Stop! What effect will it have on $?

by Jim January 31, 2019

Raising revenue once more this week, specifically with an eye on fitting a revenue strategy into the everyday running of your website. Some businesses suffer from “too many cooks,” an issue that needs to be addressed as it may be hurting your revenue potential.

What I learned

  • Is your site carrying too much baggage?
  • A lighter site is a faster site
  • Don’t add anything before calculating its impact
  • How will changes affect revenue?
  • Fix issues before making changes


Hey, welcome back Rankers, and big hello to Pubcon, Florida at the moment going on. I want to talk to you today about revenue again, but in the context of where it fits in the day to day of getting things done on your site. Because quite often, in medium sized organisations, there might be a lot of people involved in the website, or that have vested interests on the real estate of the website. There’s an argument going on about what we should have on the front page, what we should have on the footers, the menu. The thing that you’ve got to remember if you’re a retailer is that what you’re looking to do, or what you should be looking to do first, is to strip that site back, so it has the least amount of baggage as possible.

Stripped for speed
What I mean by baggage, I mean just things like what we would call normal code bloat. A lot of these themes that are built out there from Magenta and everything else, they’ll contain a lot of stuff, that a lot of you just won’t even use. But most of you have basically…Your developers have pushed everything live, and I liken it to a hot air balloon. You’ve gotta get as much off and out of that basket, or else your passengers are going to keep bailing before it hits the ground, because that’s it slowing down, right?

This site here, right? It has a one out of one hundred for performance. It does quite well. It does quite well, despite that. However, it could be doing a little better. The problem is, is there’s a lot of baggage in the theme that’s come along with that developer that they’ve installed. Chances are there’s databases used there that we have to have a look at, and a bunch of other things as well. But, before you add anything to your site…Because we have a lot of conversations with people saying, “Well, why don’t we add a calculator.” Or, “Why don’t we add a this, or a little survey at the end, or a little….” Before you add any widget, you’ve got to know and understand what impact that’s going to have on the rest of the site. What sort of load it’s going to have on the site.

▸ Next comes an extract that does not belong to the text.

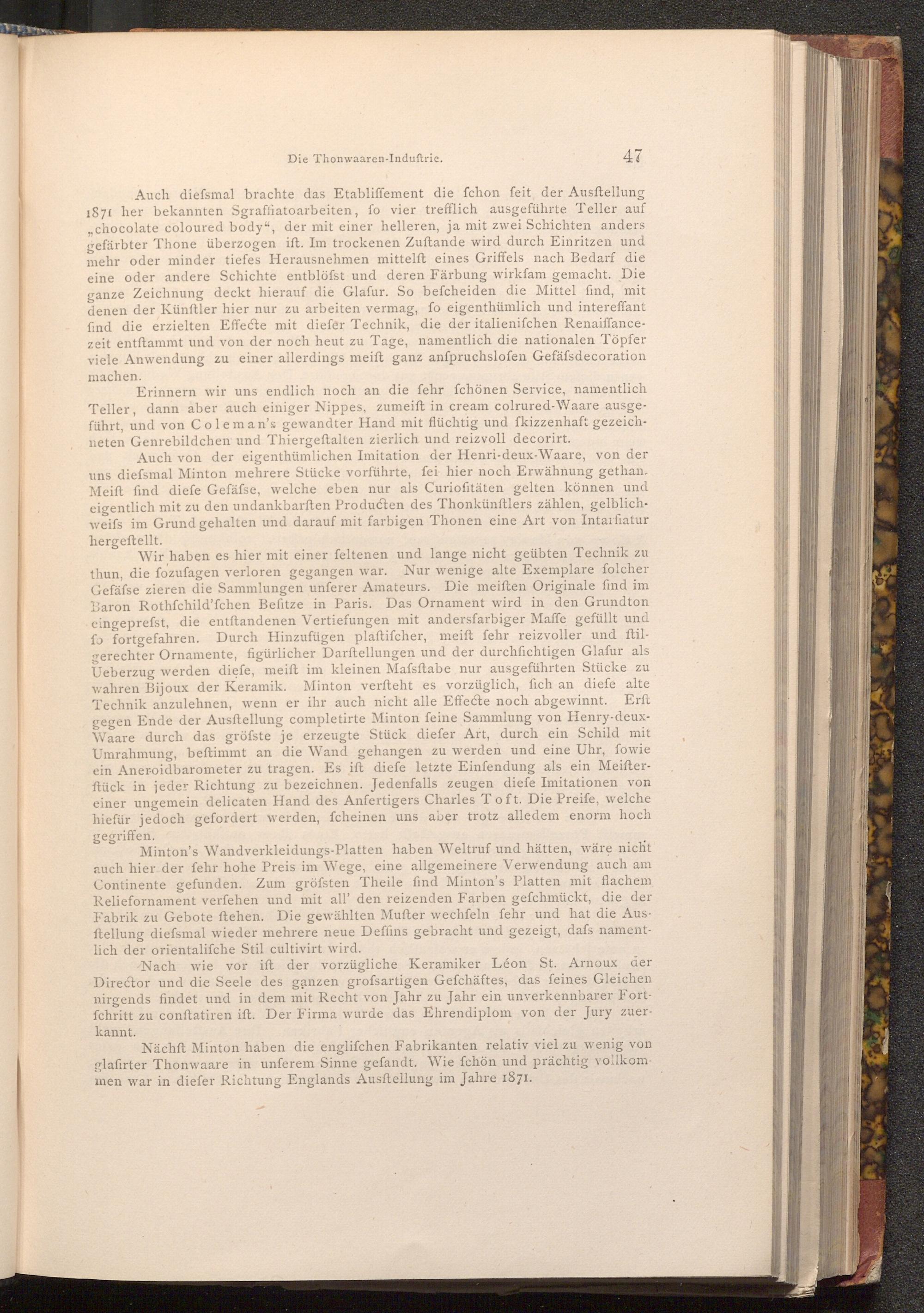 Auch von der eigenthümlichen Imitation der Henri- deux- Waare, von der uns diefsmal Minton mehrere Stücke vorführte, fei hier noch Erwähnung gethan. Meift find diefe Gefäfse, welche eben nur als Curiofitäten gelten können und eigentlich mit zu den undankbarften Producten des Thonkünftlers zählen, gelblichweifs im Grund gehalten und darauf mit farbigen Thonen eine Art von Intarfiatur hergeftellt.

How does it affect revenue?
If someone can’t interact with your web page for at least 30 seconds, then there’s a bit of an issue there that you’ve got to fix before you do anything else. In the case of the client I was talking about last week, they wanted to put a survey on the checkout page to find out why all the people are dropping off. Now, my point to them is that, well that checkout page is taking 30 seconds to load. Chances are, by the time the user actually sees that survey, they’re gone. Right? Why don’t we just make that page faster. Lighter, faster. Then, if we still have a problem, with the drop-offs, take the survey then.

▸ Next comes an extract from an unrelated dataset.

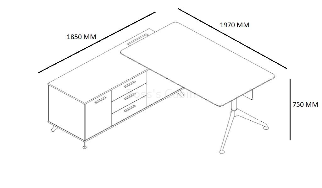 - 1970 W x 1850 D x 750 H mm
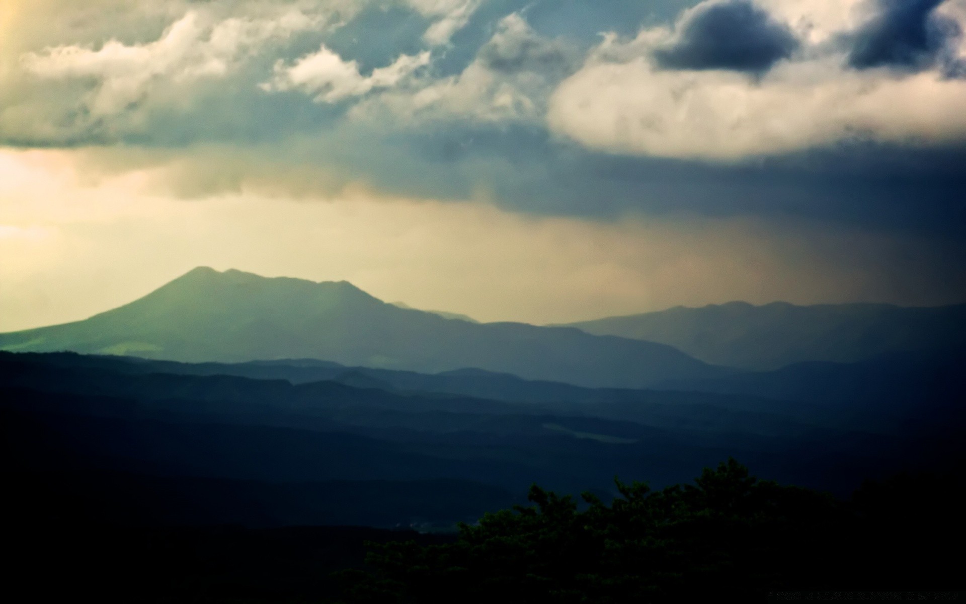 Sommets des montagnes couvertes de verdure, avec des nuagesSommets des montagnes couvertes de verdure, avec des nuages

But strip things back. We have a mantra in the organisation which is before you do anything, ask yourself how it affects revenue. If you can’t answer in the positive, you’ve got to say, “Well why are we doing this?” There might be…Someone might say, “Oh, get us to number one.” I had this conversation yesterday. Get us to number one for X. I said, “Okay, well that might take 15 hours to do that. Yeah, and it’ll possibly bring along quite a bit of traffic with it too.” But then you’ve got to say, “Well, 15 hours doing that, or should we be spending 15 hours going through all your JavaScript and working out what you are, and what you aren’t, using, and then tossing out what you’re not using, and then making the whole user experience a lot quicker, and make it easier to transact for the customers that you’ve already got.